§ TASK ITEM
Exclude images and print all the records verbatim.
MATERIAL TO PROCESS Start Marker
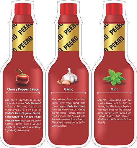 Red Cherry Pepper SauceThe main ingredient being the world famous Dale Khursani (Cherry Pepper) from the Himalayan state of Sikkim(India's First Organic State). Fermented for more then over a year produces one of the hottest sauces with an unique quality of the heat gradually soothing & fading away.MintSmooth , Refreshing and an earthy flavor will be felt on tasting the Mint Flavor, Enrich your taste with using it in Indian Snacks. Great with Baked/Grilled chicken, fish, prawns and Mushrooms.GarlicThe robust flavour of garlic comes alive when paired with cherry pepper( Dale Khursani) from the Himalayas, This is a biting hot sauce and a must have with Pizzas, Dressing , Salads. Also can be used with Indian Samosas, Kachori and Starters. flavour very reminiscent of Indian Garclic Chutney.
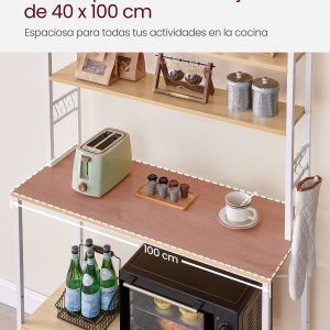 Construcción Sólida y Duradera: Combina un marco de acero robusto con tablero de aglomerado duradero para una estantería resistente y capaz de sostener tus electrodomésticos de cocina más pesados.
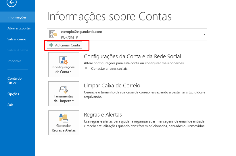 1. Abra o Outlook e selecione Arquivo > Adicionar Conta.
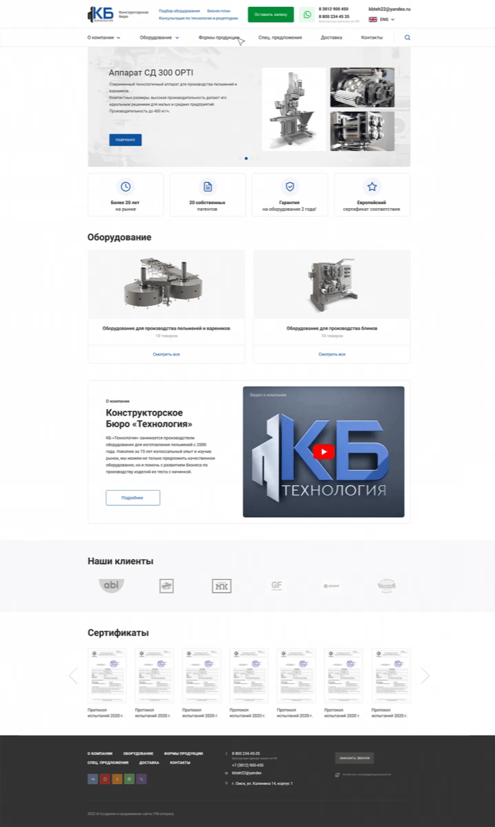 В этом кейсе мы расскажем об опыте работы с компанией КБ “Технология”, которая занимается производством и реализацией оборудования для изготовления изделий из теста с начинкой. Изначально клиент обратился с целью провести аудит запущенных рекламных кампаний и их последующей корректировки. Это всегда очень хорошая практика: периодически проверять работу подрядчиков и следить за качеством ее исполнения. В ходе общения выяснилось, что заказчику необходимо разработать новый сайт. Пока идет длительная разработка и подготовка к seo-продвижению, решили сделать упор на контекст, чтобы получать заявки с целевого трафика.
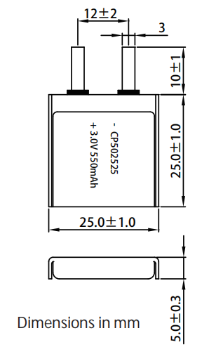 3.0 Volt - Li-MnO2 Pouch Battery CP502525
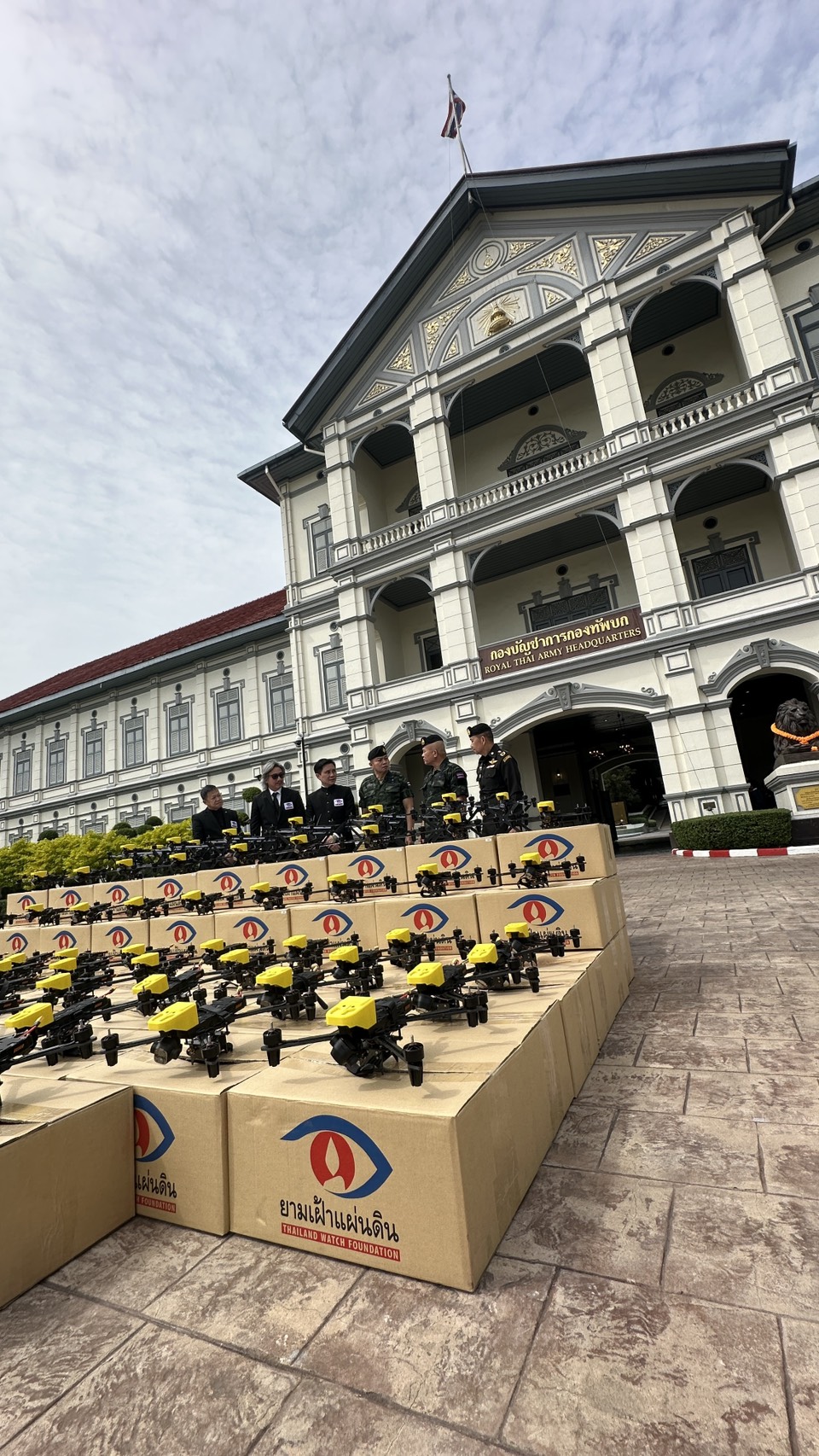 วันที่ 24 พ.ย.68 นาย ปานเทพ พัวพงศ์พันธ์ ประธานมูลนิธิยามเฝ้าแผ่นดิน พร้อมด้วย พ่อเลี้ยงเจ จิตนาถ ลิ้มทองกุล และคณะ มอบอากาศยานไร้คนขับ Droneแบบพิเศษ โดยทีมคนไทย 100 ระบบ ให้กับ ทบ. เพื่อสนับสนุนในพื้นที่ชายแดนไทย-กัมพูชา มูลค่าเกือบ 20 ล้านบาท โดยมี พล.ท. บุญสิน พาดกลาง ที่ปรึกษา ผบ.ทบ. และพลโทวีระยุทธ รักศิลป์ แม่ทัพภาค2 ที่ บก.ทบ.
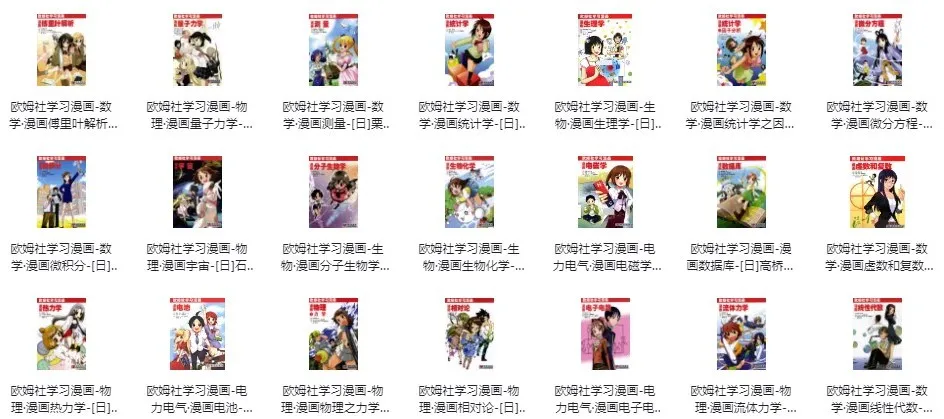 半导体、电池、电气、数学、电子、电路、分子、生物学、量子力学、流体力学、密码、热力学等漫画电学原理,总计31册,非常棒,喜欢的可以转存到自己的网盘里好好学习~~
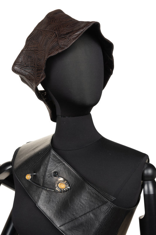 Black and brown leather turtle shell embossed pattern corselet with front snap closures.
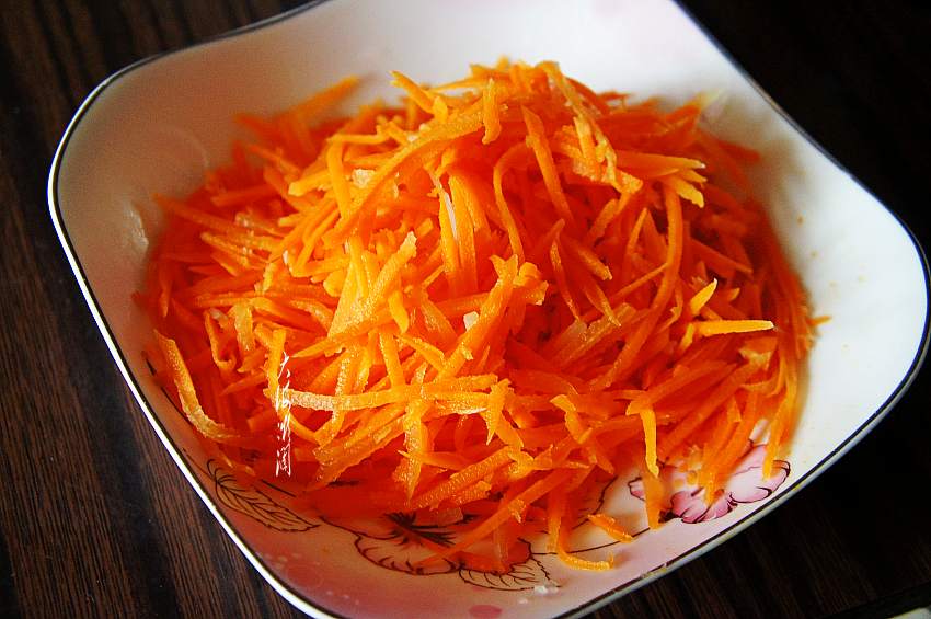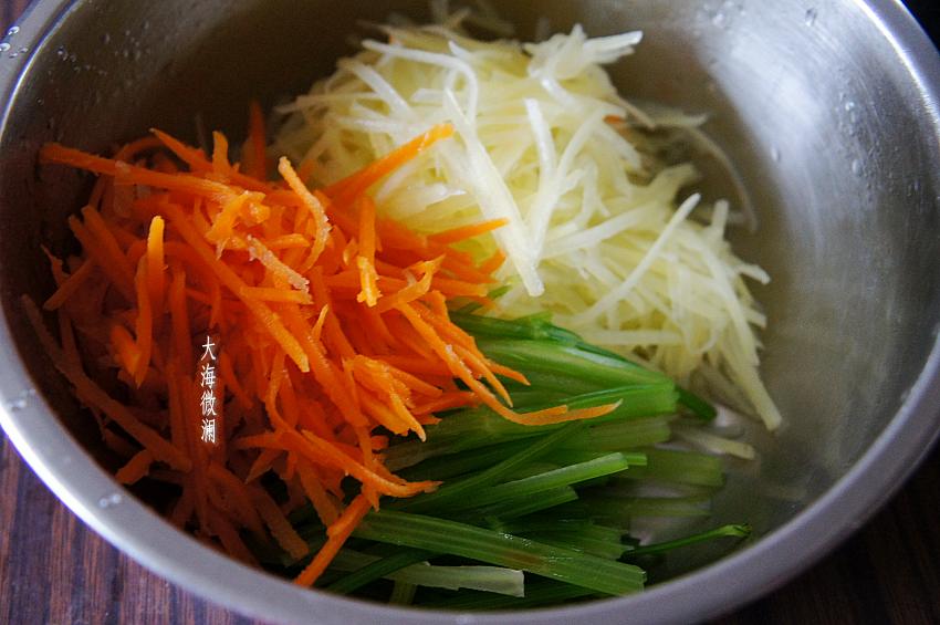 7、取大盆,加入控净水分的土豆丝、胡萝卜丝和芹菜丝。
MATERIAL TO PROCESS End Marker
§ TASK RESPONSE
 Red Cherry Pepper SauceThe main ingredient being the world famous Dale Khursani (Cherry Pepper) from the Himalayan state of Sikkim(India's First Organic State). Fermented for more then over a year produces one of the hottest sauces with an unique quality of the heat gradually soothing & fading away.MintSmooth , Refreshing and an earthy flavor will be felt on tasting the Mint Flavor, Enrich your taste with using it in Indian Snacks. Great with Baked/Grilled chicken, fish, prawns and Mushrooms.GarlicThe robust flavour of garlic comes alive when paired with cherry pepper( Dale Khursani) from the Himalayas, This is a biting hot sauce and a must have with Pizzas, Dressing , Salads. Also can be used with Indian Samosas, Kachori and Starters. flavour very reminiscent of Indian Garclic Chutney.
 Construcción Sólida y Duradera: Combina un marco de acero robusto con tablero de aglomerado duradero para una estantería resistente y capaz de sostener tus electrodomésticos de cocina más pesados.
 1. Abra o Outlook e selecione Arquivo > Adicionar Conta.
 В этом кейсе мы расскажем об опыте работы с компанией КБ “Технология”, которая занимается производством и реализацией оборудования для изготовления изделий из теста с начинкой. Изначально клиент обратился с целью провести аудит запущенных рекламных кампаний и их последующей корректировки. Это всегда очень хорошая практика: периодически проверять работу подрядчиков и следить за качеством ее исполнения. В ходе общения выяснилось, что заказчику необходимо разработать новый сайт. Пока идет длительная разработка и подготовка к seo-продвижению, решили сделать упор на контекст, чтобы получать заявки с целевого трафика.
 3.0 Volt - Li-MnO2 Pouch Battery CP502525
 วันที่ 24 พ.ย.68 นาย ปานเทพ พัวพงศ์พันธ์ ประธานมูลนิธิยามเฝ้าแผ่นดิน พร้อมด้วย พ่อเลี้ยงเจ จิตนาถ ลิ้มทองกุล และคณะ มอบอากาศยานไร้คนขับ Droneแบบพิเศษ โดยทีมคนไทย 100 ระบบ ให้กับ ทบ. เพื่อสนับสนุนในพื้นที่ชายแดนไทย-กัมพูชา มูลค่าเกือบ 20 ล้านบาท โดยมี พล.ท. บุญสิน พาดกลาง ที่ปรึกษา ผบ.ทบ. และพลโทวีระยุทธ รักศิลป์ แม่ทัพภาค2 ที่ บก.ทบ.
 半导体、电池、电气、数学、电子、电路、分子、生物学、量子力学、流体力学、密码、热力学等漫画电学原理,总计31册,非常棒,喜欢的可以转存到自己的网盘里好好学习~~
 Black and brown leather turtle shell embossed pattern corselet with front snap closures.
 7、取大盆,加入控净水分的土豆丝、胡萝卜丝和芹菜丝。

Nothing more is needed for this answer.